Hello amazing coaches,
I feel a bit of shame and teenager-y with these models but it’s something I’d love some help with. I want to prioritise me over my romantic relationship (that feels ok for me right now) but many things I think about I consider selfish. I’m judging myself and how I think someone should be in a relationship, rather than how I want to be in my relationship. I worry that others judge me, like my in-laws, when I do these ‘selfish’ things like travel for a month alone, instead of saving for our future for example. (I’ve more holidays than my partner).
C: relationship
T: I’m tied down
F: tied down
A: think about the things I would do if I wasn’t in a relationship, stay in my job so I can pay my half of rent on our flat, unjustly blame my partner for me not going travelling, feel over responsible for his happiness
R: tie myself down and blame being in a relationship
Intentional
C: relationship
T: my partner loves me
F: free to be myself
A: work as I want, pay rent because I want to, openly discuss travel plans, openly discuss money
R: be myself in my relationship

 

 

Answer:

Human brains are often teenager-y, and we love them.
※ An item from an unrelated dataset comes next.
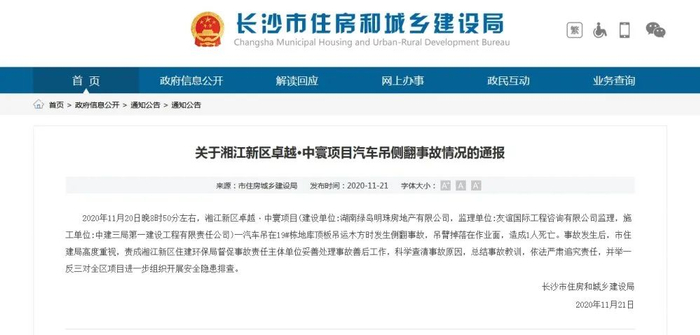 2020年11月20日晚8时50分左右,湘江新区卓越·中寰项目(建设单位:湖南绿岛明珠房地产有限公司,监理单位:友谊国际工程咨询有限公司监理,施工单位:中建三局第一建设工程有限责任公司)一汽车吊在19#栋地库顶板吊运木方时发生侧翻事故,吊臂掉落在作业面,造成1人死亡。事故发生后,市住建局高度重视,责成湘江新区住建环保局督促事故责任主体单位妥善处理事故善后工作,科学查清事故原因,总结事故教训,依法严肃追究责任,并举一反三对全区项目进一步组织开展安全隐患排查。

An exercise that can really be enlightening is to question our thoughts. Let’s look at this one: I want to prioritise me over my romantic relationship
What beliefs do you have about how people should behave in a relationship? Brain dump all of that. It could be in general but more helpful might be around how much time they spend together.
In this simple sentence above, there are a lot of underlying beliefs about what prioritizing the relationship should look like. And you’ve decided that doing the things you want to do = prioritizing yourself over the relationship. Is that true? Brain dump all the ways you might be wrong about that.
You have great awareness that the way you are thinking is creating a result you don’t like for yourself. In your intentional model, try T: I love me. and see what happens.